N Z Med J. 1996 Oct 25;109(1032):395-7.

PMID:8937388
Abstract

AIMS

To investigate the determinants of ethnic differences in blood pressure, hypertension and the prevalence of additional risk factors for cardiovascular disease among a New Zealand population.

METHODS

Baseline data from the Fletcher Challenge-University of Auckland Heart and Health Study were analysed for ethnic differences in blood pressure, and the likelihood of those with hypertension having other major cardiovascular disease risk factors was estimated.

RESULTS

Maori and Pacific Islands participants had mean diastolic blood pressure up to 3 mmHg higher than Europeans, but Pacific Islands people had mean systolic blood pressure 3-4 mmHg lower than Europeans and Maori respectively. After adjustment for age and gender almost 20% of Maori, 16% of Pacific Islands and 11% of European people were classified as hypertensive. Adjustment for body mass index and alcohol consumption almost eliminated ethnic differences in blood pressure, and body mass index was found to be the single most important modifiable determinant of raised blood pressure.

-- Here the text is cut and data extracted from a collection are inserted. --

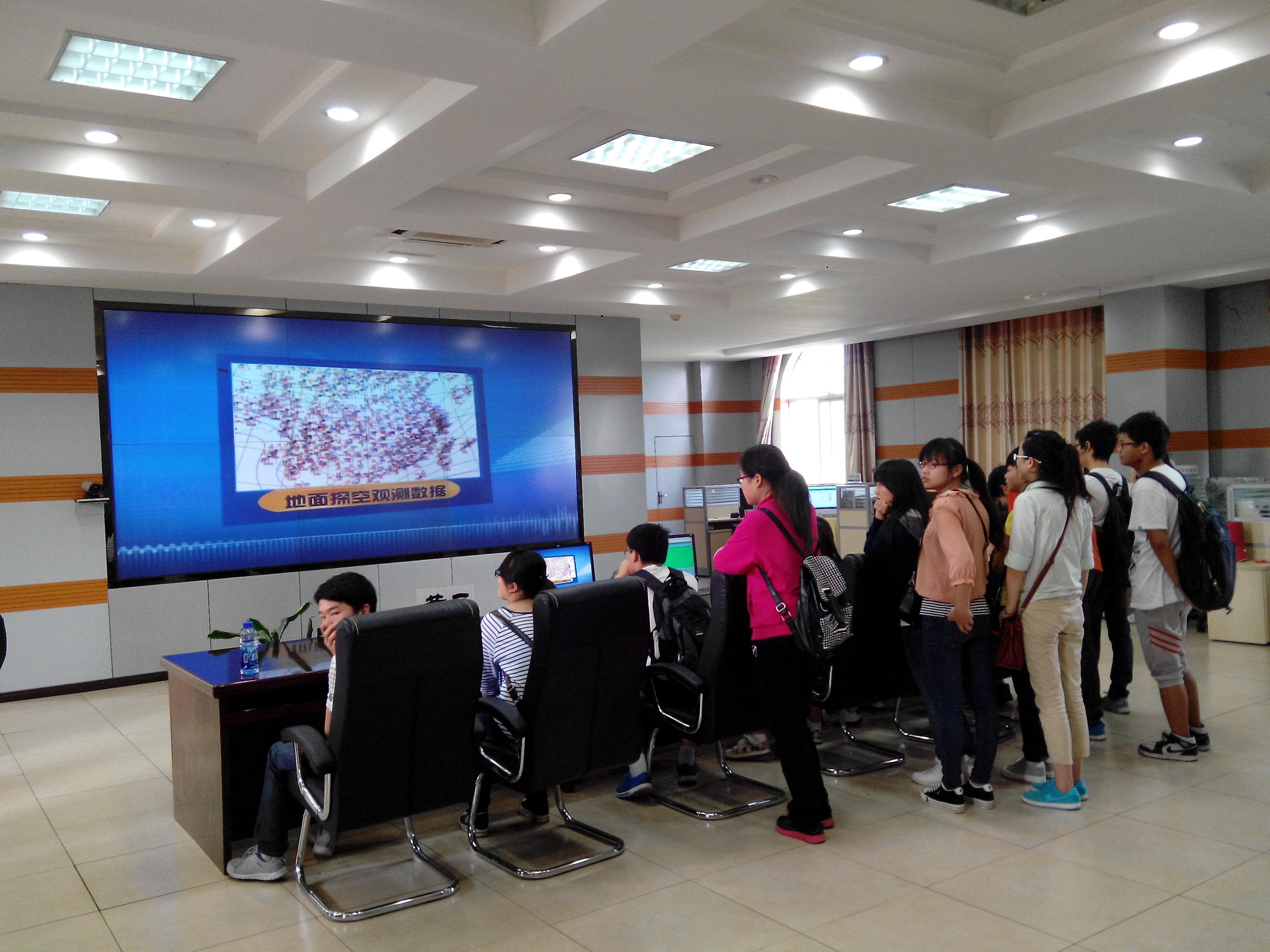 在气象台同志的指引下,首先一场关于天气预报制作流程、气象灾害常见预警分析、信息收集和图像处理等方面知识的讲座引起了同学们的好奇心,然后在气象台同志带领员工参观了有关天气信息收集的仪器。面对这些仪器,同学们表现出了对知识的渴望与热情,纷纷向相关的技术人员请教各种各样的问题。
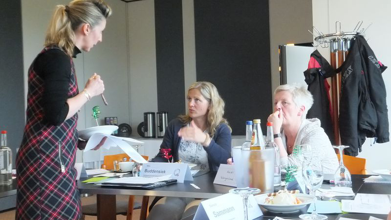 Unter Anleitung der Q-Dozentin Lydia Albers ging es in kleineren Teams kreativ ans Werk, denn neue Ideen und Maßnahmen für den eigenen Betrieb zu finden, ist gar nicht so schwer wie häufig befürchtet. Hierfür einmal einen neuen Weg einzuschlagen und Kreativtechniken zu nutzen, lohnt sich. „Wir haben die Methode „Brainwriting“ im Team angewendet“, berichtet Kathrin Heidemann, Q-Trainer des phaeno in Wolfsburg. „Am Schwierigsten fiel uns der Start. Aber nachdem wir uns auf drei Themengebiete geeinigt hatten, für die wir neue Maßnahmen finden wollten, und die ersten Ideen nieder geschrieben waren, entwickelte sich der Rest sehr schnell und zum Teil in ganz andere Richtungen als zunächst erwartet. Wir sind so auf zahlreiche neue Ideen gekommen“.
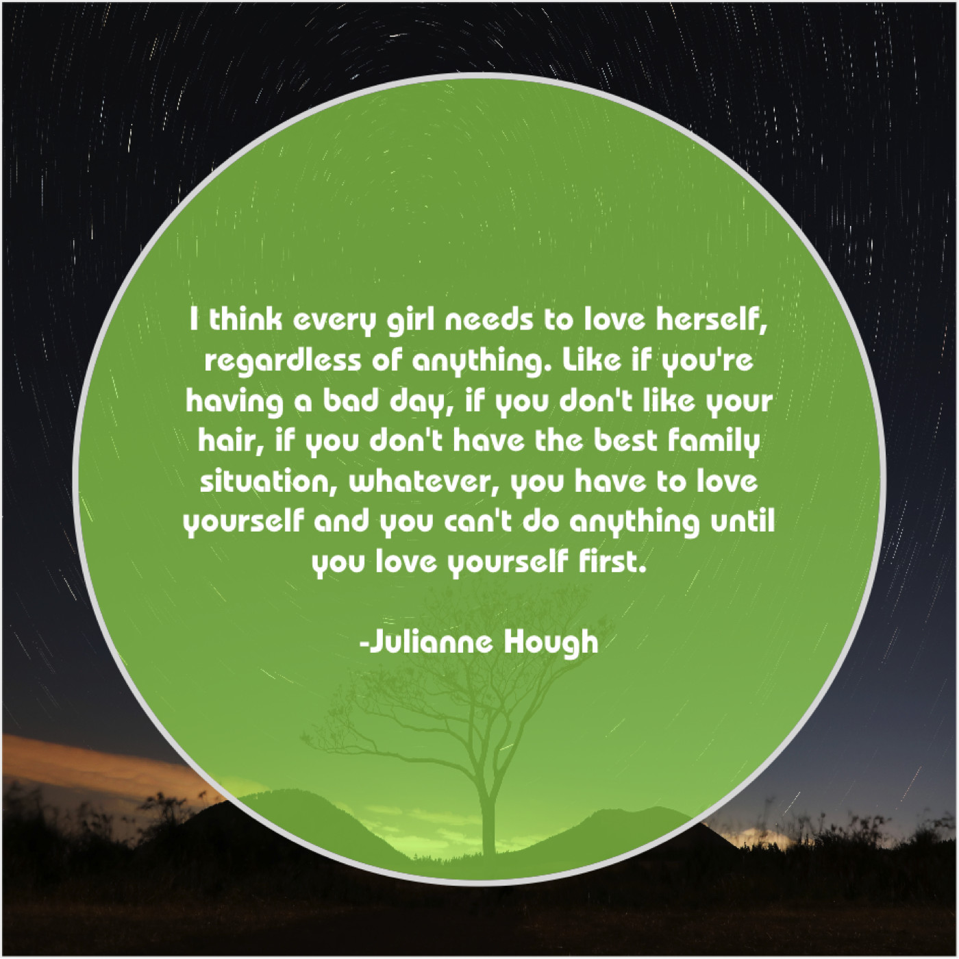 “I think every girl needs to love herself, regardless of anything. Like if you’re having a bad day, if you don’t like your hair, if you don’t have the best family situation, whatever, you have to love yourself and you can’t do anything until you love yourself first.”
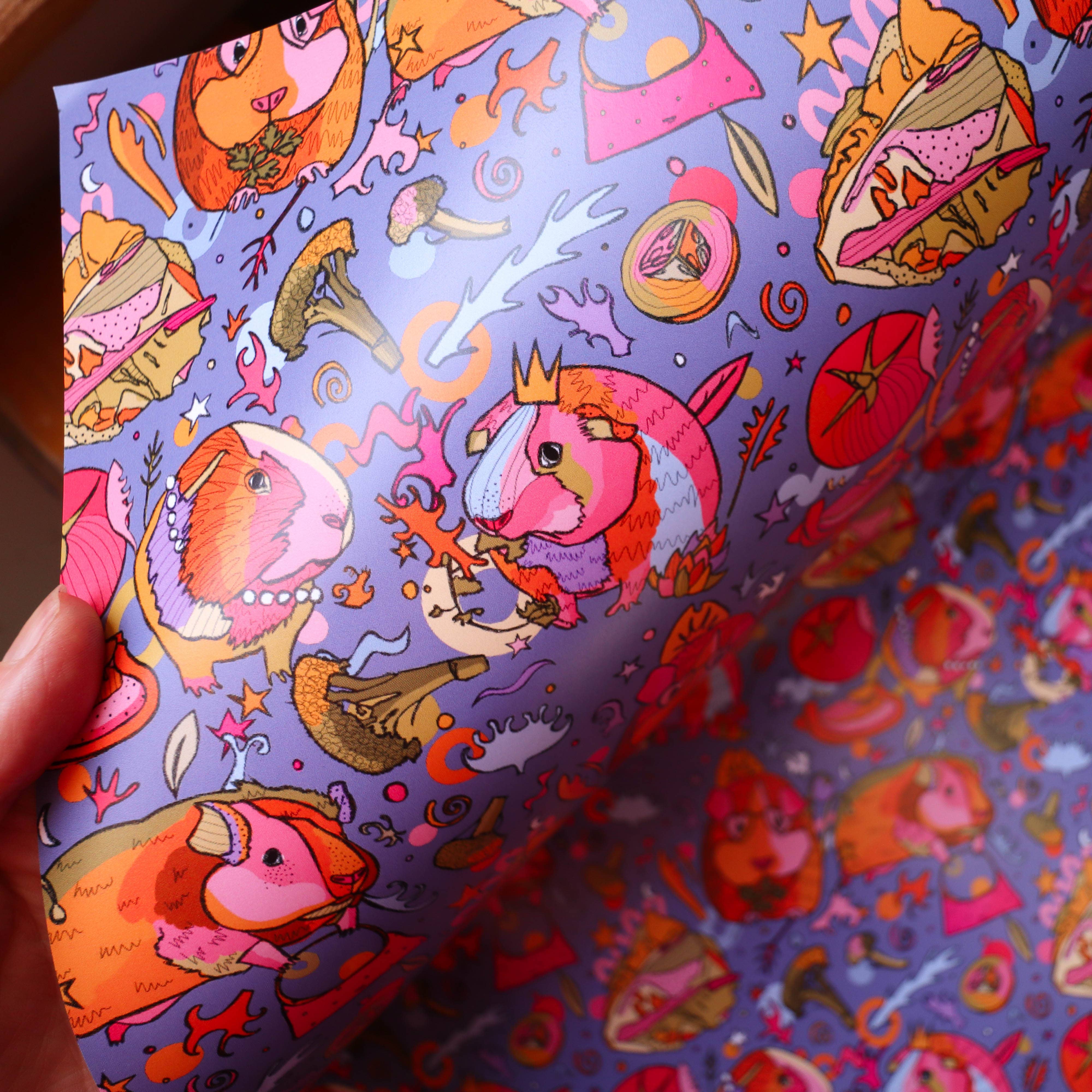 Esta colorida tarjeta de felicitación presenta mi ilustración original de un conejillo de indias con perlas rodeadas de brócoli y lechuga. Ilustrado en rosa, verde y naranja con el texto dorado «Stay Fabulous» en la parte superior izquierda. La tarjeta se pliega y se imprime en formato A6 en cartulina mixta de 300 g/m² de alta calidad aprobada por el FSC con un acabado sedoso. Empaquetado en violonchelo biodegradable con un sobre rosa fucsia. Interior en blanco.
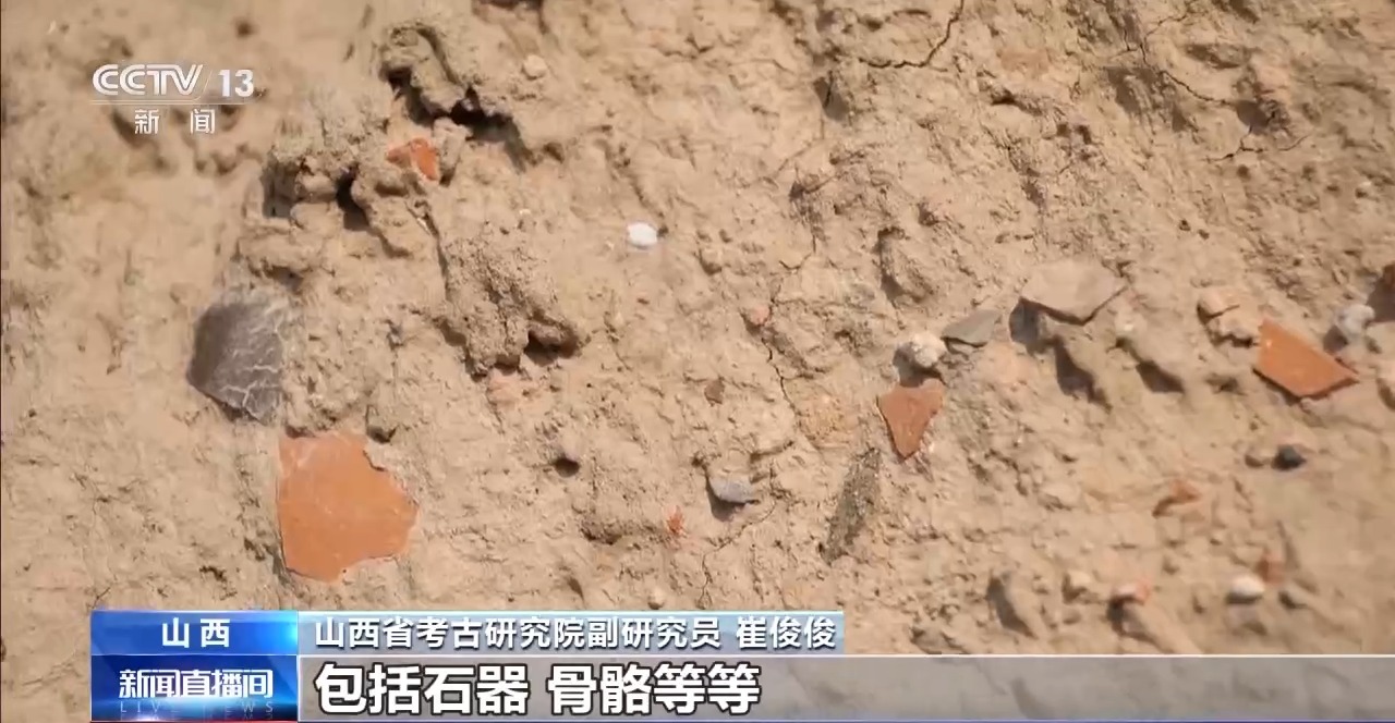 *山西省考古研究院副研究員 崔俊俊:*堆積在灰土裏就是當時先民遺留下來的一些器物,包括石器、骨骼等等。彩色魚紋盆就出土在灰土裏,這個區域是整個遺址的核心區。
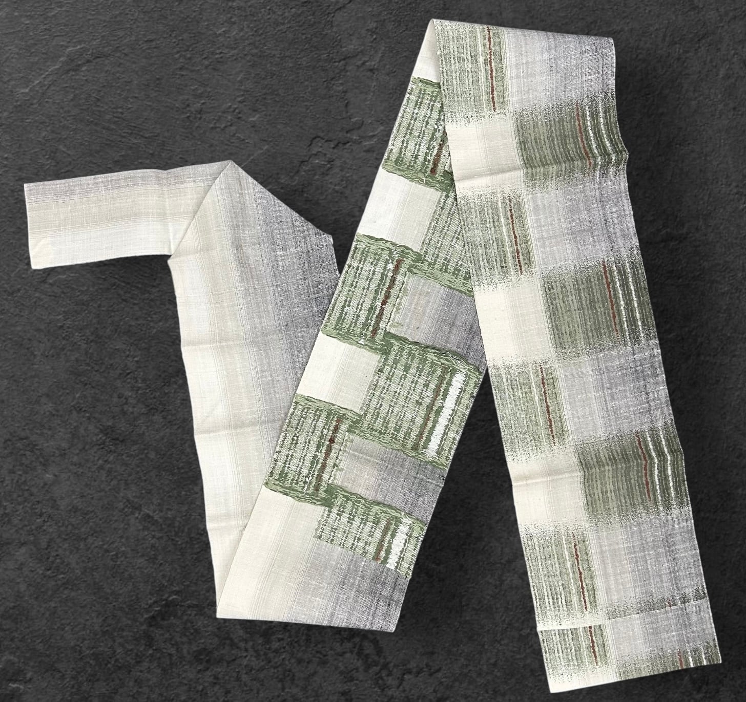 生成り色の地 麹鹿色 海松茶色 小豆色などの市松のような ボリューム感のある織地 フシが浮かぶ軽くザックリとした感触の 渡文さんの証紙のついた八寸名古屋帯です。
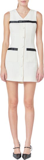 Satin ribbons and a slight sheen elevate a tweed sheath dress to night-out status.
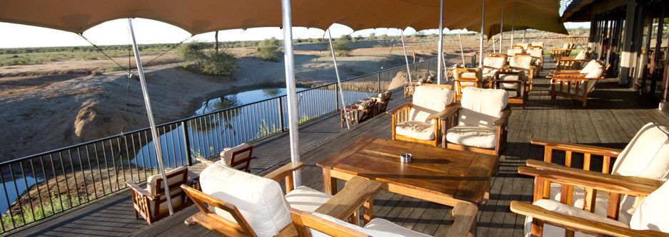 La terrasse du lodge, qui surplombe un immense plan d’eau où on peut observer les animaux se baigner et s’abreuver toute la journée, est vraiment un lieu d’exception pour prendre un verre entre amis… ( Une bouteille de sherry est offerte avec la suite…)
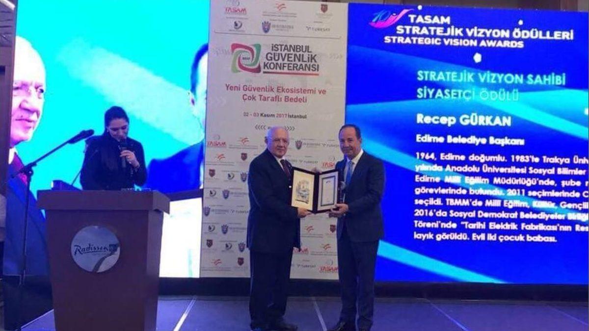 Türk Asya Stratejik Araştırmalar Merkezi (TASAM) tarafından verilen 10. Stratejik Vizyon Ödülleri’nde Edirne Belediye Başkanı Recep Gürkan Stratejik Vizyon Sahibi Siyasetçi Ödülü’nün sahibi oldu.Türk Asya Stratejik Araştırmalar Merkezi (TASAM), Milli Savunma ve Güvenlik Enstitüsü (MSGE) ile Nişantaşı Üniversitesinin düzenlediği 3. İstanbul Güvenlik konferansının gala yemeği ve ödül töreni İstanbul’da bir otelde gerçekleştirildi.Edirne Belediye Başkanı Recep Gürkan’ın da katıldığı, sekiz kategoride düzenlenen ödül töreninde yurt içi ve yurt dışındaki isimler ödüle layık görüldü. Törende Edirne Belediye Başkanı Recep Gürkan, Stratejik Vizyon Sahibi Ödülü’nün sahibi oldu.

Greater proportions of Maori (15%) and Pacific Islands people (14%) with hypertension had multiple additional cardiovascular risk factors compared with Europeans (8%), but similar proportions were on antihypertensive drug treatment.

CONCLUSIONS

Efforts to reduce obesity have the potential to significantly reduce raised blood pressure among Maori and Pacific Islands people. Overall cardiovascular risk is more likely to be higher in Maori and Pacific Islands people than in Europeans with hypertension, indicating that greater proportions of Maori and Pacific Islands people with high blood pressure should be receiving treatment.

摘要

目的

调查新西兰人群中血压、高血压以及心血管疾病其他危险因素患病率的种族差异决定因素。

方法

分析来自弗莱彻挑战-奥克兰大学心脏与健康研究的基线数据,以研究血压的种族差异,并估计高血压患者患有其他主要心血管疾病危险因素的可能性。

结果

毛利人和太平洋岛屿参与者的平均舒张压比欧洲人高3 mmHg,但太平洋岛屿人群的平均收缩压分别比欧洲人和毛利人低3 - 4 mmHg。在调整年龄和性别后,近20%的毛利人、16%的太平洋岛屿人群和11%的欧洲人被归类为高血压患者。调整体重指数和酒精摄入量后,种族间的血压差异几乎消除,体重指数被发现是血压升高的最重要的可改变决定因素。与欧洲人(8%)相比,患有高血压的毛利人(15%)和太平洋岛屿人群(14%)中有更多比例的人患有多种其他心血管危险因素,但接受抗高血压药物治疗的比例相似。

结论

努力减少肥胖有可能显著降低毛利人和太平洋岛屿人群的血压升高。总体而言,患有高血压的毛利人和太平洋岛屿人群的心血管风险可能高于欧洲人,这表明应该有更大比例的患有高血压的毛利人和太平洋岛屿人群接受治疗。